Tuesday, 6 August 2013

In which I'll have the big salad


 
I’m going to New York! Strike up the marching band! Bring on the dancing sailors! Pour me a root beer and put a bagel in my face! Start spreading the news, give my regards to Broadway, and show me the way to the Staten Island ferry so I can ride across the river with the wind in my perm, like at the beginning of Working Girl.

In fact by the time you read this, taxis and baggage restrictions and giant duty-free Toblerones willing, I’ll be in New York. I’ve never been before, can you tell?  I’ve never been to America, in fact. I’ve only got as close as Canada, which as telly would have you believe is about as close as going to Luton airport and saying you’ve seen Big Ben.

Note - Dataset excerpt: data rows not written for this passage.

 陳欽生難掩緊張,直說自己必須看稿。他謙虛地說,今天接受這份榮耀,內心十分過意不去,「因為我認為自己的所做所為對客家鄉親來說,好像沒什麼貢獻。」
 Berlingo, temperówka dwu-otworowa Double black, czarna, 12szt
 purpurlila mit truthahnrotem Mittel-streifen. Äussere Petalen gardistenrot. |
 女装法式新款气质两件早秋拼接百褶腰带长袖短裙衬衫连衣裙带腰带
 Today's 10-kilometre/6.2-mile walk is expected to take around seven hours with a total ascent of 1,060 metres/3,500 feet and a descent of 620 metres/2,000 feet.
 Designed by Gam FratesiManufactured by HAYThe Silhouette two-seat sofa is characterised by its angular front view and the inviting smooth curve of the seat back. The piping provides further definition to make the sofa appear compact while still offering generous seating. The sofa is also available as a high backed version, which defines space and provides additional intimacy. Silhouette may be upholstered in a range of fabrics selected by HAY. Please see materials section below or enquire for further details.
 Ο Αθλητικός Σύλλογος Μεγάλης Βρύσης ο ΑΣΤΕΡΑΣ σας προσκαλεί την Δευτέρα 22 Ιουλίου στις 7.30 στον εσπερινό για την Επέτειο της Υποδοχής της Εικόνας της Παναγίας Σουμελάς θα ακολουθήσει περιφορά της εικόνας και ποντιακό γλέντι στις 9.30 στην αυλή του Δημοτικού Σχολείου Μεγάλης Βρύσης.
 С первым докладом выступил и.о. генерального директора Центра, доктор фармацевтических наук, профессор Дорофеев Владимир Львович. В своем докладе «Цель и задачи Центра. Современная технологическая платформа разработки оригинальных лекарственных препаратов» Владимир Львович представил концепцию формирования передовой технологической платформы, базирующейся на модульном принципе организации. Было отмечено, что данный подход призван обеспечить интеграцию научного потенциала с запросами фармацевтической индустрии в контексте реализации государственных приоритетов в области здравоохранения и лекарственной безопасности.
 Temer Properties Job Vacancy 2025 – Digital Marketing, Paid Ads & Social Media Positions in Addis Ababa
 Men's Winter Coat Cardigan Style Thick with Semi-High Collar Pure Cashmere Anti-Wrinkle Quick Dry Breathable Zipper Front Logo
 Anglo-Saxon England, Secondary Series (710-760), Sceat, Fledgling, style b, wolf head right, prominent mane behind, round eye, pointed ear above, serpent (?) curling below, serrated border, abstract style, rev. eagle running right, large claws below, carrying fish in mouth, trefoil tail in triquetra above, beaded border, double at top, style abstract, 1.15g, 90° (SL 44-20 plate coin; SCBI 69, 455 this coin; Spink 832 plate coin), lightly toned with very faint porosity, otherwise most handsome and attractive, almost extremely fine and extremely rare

So because I’ve been waiting a full quarter century of my life to finally take a bite from the Big Apple (and by ‘apple’ I mean ‘baked goods’, and by ‘big’ I mean, “is that a doughnut or a dinghy? Oh well too late I ate it.”), I’m putting a lot of pressure on my week’s holiday to fulfill every expectation that TV and films have impressed on me.

Not the exciting things though, you understand. Because my taste in telly is sitcoms where not much happen, and my taste in films is comedies where even less happens, my hopes for the concrete jungle where dreams are made consists  mainly of sitting in coffee shops, getting almost run over by a taxi and eating a really big pretzel.

But I want to do those things EXACTLY like they did them on Seinfeld, and Friends, and Annie Hall, and When Harry Met Sally, and How I Met Your Mother, and Elf. I want to go to a deli, order a whole heap of incongruous ingredients “on rye”, then fail to eat them because I’m too engrossed in a neurotic anecdote about a dinner party (I will make up the neurotic anecdote; it’s not important). 

I’d quite like to master the art of tipping correctly, coolly, casually, without flailing like a sweaty-palmed fool, then come home and apply that skill on my visits to the hairdresser. I want to find out for definite what a Twinkie is.

I reckon the closest I’ll get to Sex and the City is probably being splashed by a big puddle, but that’s a-ok by me.